=== Section Start ===

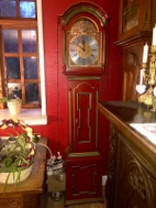 Smukt rødt standerur med guldskive og fugl der kan kan bevæge sig når uret stilles
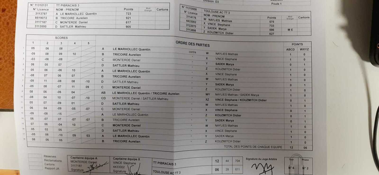 Score final :12-06 pour Pibrac. Ils ont finalement eu raison de se renforcer car on n'a pas démérité et si on avait joué leur équipe type, le résultat aurait pu être inversé.
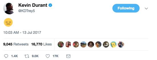 典礼上,杜兰特获得了年度最佳冠军表现奖,但他还是在推特上发了一个尴尬的表情。
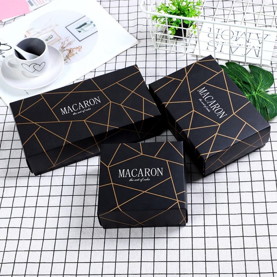 Cajas de Macarons de Lujo, Juego de Cajas para Macarons Franceses, Cajas Negras para Macarons, Logotipo Personalizado
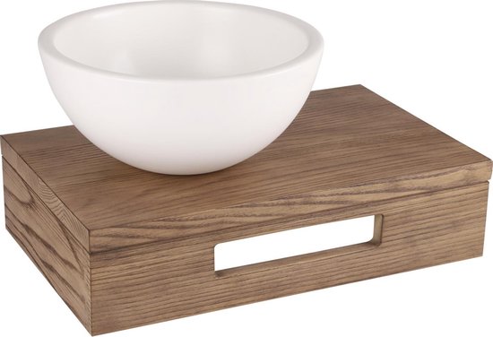 Differnz Waschbeckenablage 40x25x10cm rechteckig mit Handtuchhalter Eiche braun
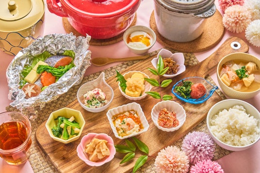 和洋 選べる朝食メニュー「春の和食」 地域野菜も使用して多くの品数をご用意しています。
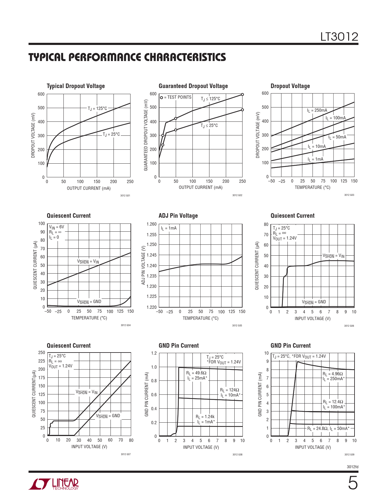 600 600 600 = TEST POINTS TJ ≤ 125°C 500 T 500 500 J = 125°C IL = 250mA TAGE (mV) IL = 100mA 400 400 400 TJ ≤ 25°C TAGE (mV) 300 TJ = 25°C 300 300 IL = 50mA I 200 200 200 L = 10mA DROPOUT VOL DROPOUT VOLTAGE (mV) IL = 1mA 100 100 100 GUARANTEED DROPOUT VOL 0 0 0 0 50 100 150 200 250 0 50 100 150 200 250 –50 –25 0 25 50 75 100 125 150 OUTPUT CURRENT (mA) OUTPUT CURRENT (mA) TEMPERATURE (°C) 3012 G01 3012 G02 3012 G03
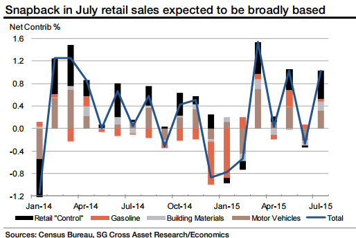 "Our estimate would place the closely followed spending metric in July 3.8% annualized above its April-June average, almost matching the 4.1% spring-quarter gain," says Societe Generale.
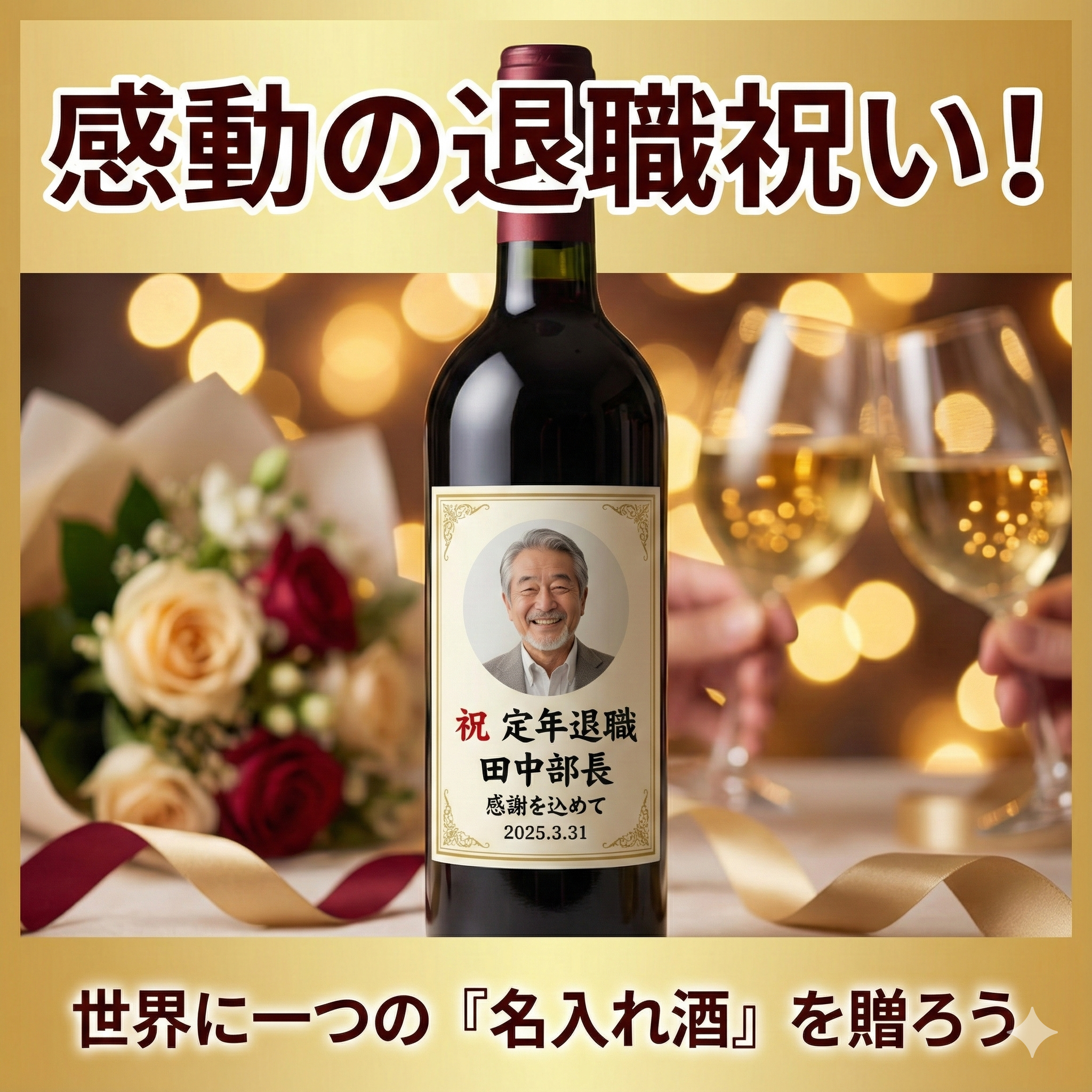 突然の送り物に驚きましたが、記念に残る物になりました。写真ラベルの瓶は、大切に飾らせて頂きます。

=== Section End ===

Return nothing except the lines from the line with "Differnz Waschbeckenablage 40x25x10cm" through the last line of the records above, copied exactly and without pictures.

 Differnz Waschbeckenablage 40x25x10cm rechteckig mit Handtuchhalter Eiche braun
 和洋 選べる朝食メニュー「春の和食」 地域野菜も使用して多くの品数をご用意しています。
 600 600 600 = TEST POINTS TJ ≤ 125°C 500 T 500 500 J = 125°C IL = 250mA TAGE (mV) IL = 100mA 400 400 400 TJ ≤ 25°C TAGE (mV) 300 TJ = 25°C 300 300 IL = 50mA I 200 200 200 L = 10mA DROPOUT VOL DROPOUT VOLTAGE (mV) IL = 1mA 100 100 100 GUARANTEED DROPOUT VOL 0 0 0 0 50 100 150 200 250 0 50 100 150 200 250 –50 –25 0 25 50 75 100 125 150 OUTPUT CURRENT (mA) OUTPUT CURRENT (mA) TEMPERATURE (°C) 3012 G01 3012 G02 3012 G03
 "Our estimate would place the closely followed spending metric in July 3.8% annualized above its April-June average, almost matching the 4.1% spring-quarter gain," says Societe Generale.
 突然の送り物に驚きましたが、記念に残る物になりました。写真ラベルの瓶は、大切に飾らせて頂きます。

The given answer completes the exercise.